– А ты что будешь делать? – спросил он Дервиша. Язык не поворачивался назвать это немытое тело на «вы».
– А я буду выполнять свое задание и тебя прикрывать, по возможности, разумеется…
– И все? – разочарованно протянул Красовский. – Я думал, мы будем работать совместно…
– А мы и так работаем совместно, варим одну кашу, но мешаем ее разными ложками. Да, если тебе понадобится револьвер, оторви подоконник в своей комнате. Там же есть пачка патронов. Но пока ты в безопасности. Пока ты всем нужен и замам, и банде. И те, и другие рассчитывают, что ты своими действиями поможешь найти архив. А потом тебя постараются убрать. Одним ты будешь не нужен, потому что победители не любят делить лавры с другими, даже если эти другие нашли архив. А вторым ты будешь не нужен потому, что много знаешь, а значит, имеешь возможность помешать им. Конечно, ты можешь не найти архив и показать и тем, и другим, что ты никакого интереса для них не представляешь. Тогда тебе дадут спокойно уехать. Но не жди, что тебя с оркестром встретят в Новониколаевске. Я подозреваю, что наше с тобой начальство уже прокукарекало наверх, что архив найден и осталось его только переправить в Новониколаевск. Поэтому, если архива не будет – будет дело о двух вредителях, прокравшихся в рабоче-крестьянские органы. Одним из них буду я, а другим – ты… Вот так, парень…
– Не может этого быть.
– Может… Да ты так не переживай. Впрочем, человек не может по своему усмотрению переживать или не переживать. Ты будешь переживать какое-то время, а потом перестанешь… Ты еще молодой и зеленый, а я, брат, перешел ту грань, когда о чем-то надо беспокоиться и за свою жизнь бояться. Мне нет особой разницы – убьют меня здесь, в Каминске, или во время следующей операции в другом городе…
– А ты смелый.
– Нет. Я – усталый. Человек не может долго бояться за свою жизнь, как певец не может долго держать высокую ноту. Наступает время, когда он устает бояться, чувства его тупеют и ему становится все равно, будет он жить или погибнет. Это первый уровень. Затем наступает второй, и человек, уставший от отупения и равнодушия, начинает искать смерти, потому что смерть для него – избавление…
– Избавление от чего?
– От жизни.
– От жизни? Разве есть нормальные, не душевнобольные люди, которые хотят избавиться от жизни?

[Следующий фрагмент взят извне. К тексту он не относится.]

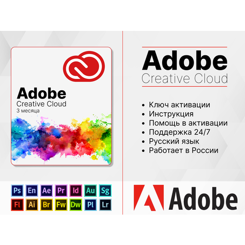 ADOBE CREATIVE CLOUD 3 месяца (Электронный ключ, Работает в России, активация на новом аккаунте, Русский язык)

– Есть, и не так мало, как ты думаешь.
– Чуднó.
– Что чудно?
– То, что ты все это мне говоришь. Я никогда не устану от жизни.
– Дай-то бог… Ты что смотришь на меня, как на сумасшедшего. Я вполне нормален. Я знаю, ты сейчас думаешь, чего это он разговорился с незнакомым человеком. Так?

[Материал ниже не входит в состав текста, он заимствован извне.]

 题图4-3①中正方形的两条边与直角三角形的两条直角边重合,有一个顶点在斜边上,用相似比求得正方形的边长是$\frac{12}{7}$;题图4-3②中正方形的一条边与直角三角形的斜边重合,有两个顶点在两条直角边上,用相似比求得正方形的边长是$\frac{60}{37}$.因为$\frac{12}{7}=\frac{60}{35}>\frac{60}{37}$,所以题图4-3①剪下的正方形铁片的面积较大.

– Возможно, – уклонился от прямого ответа Краевский.
– А все объясняется просто. Это я для тебя незнакомый, а ты для меня – нет, потому что я тебя подбирал на эту операцию в Новониколаевске. Так что ты можешь не удивляться моей разговорчивости.
– Интересно, и почему ж ты отдал мне предпочтение перед другими?
Дервиш усмехнулся и ответил:
– Тому были две причины. Первая – ты хочешь жить…
– А вторая?
– Вторую я не хотел бы тебе говорить, но… кто знает, встретимся ли мы еще раз… Ты похож на брата Огнивца. Это тебя не удивляет?
– Нет. Об этом я догадывался.
– Все понятно. Ты не мог об этом сам догадаться. Видимо, Кожан с тобой не очень грамотно поработал, и ты, как парень неглупый, кое-что понял. Ну ладно, не это главное.
– А что?
– Главное тебе – не потерять желание жить. И все, а остальное приложится. В остальном я тебе помогу. А теперь последний инструктаж. По телефону в Новониколаевск не звони, есть предположение, что он контролируется. Можешь написать письмо якобы в адрес твоего руководства, но в письме ничего не говори об архиве и не спрашивай, как тебе поступить. Все решай сам. Если будет очень туго, заверни левую занавеску в узел, я буду знать, что тебе нужна помощь, да… и переставь кровать к другой стене: там, где она сейчас стоит, – самое простреливаемое со двора место.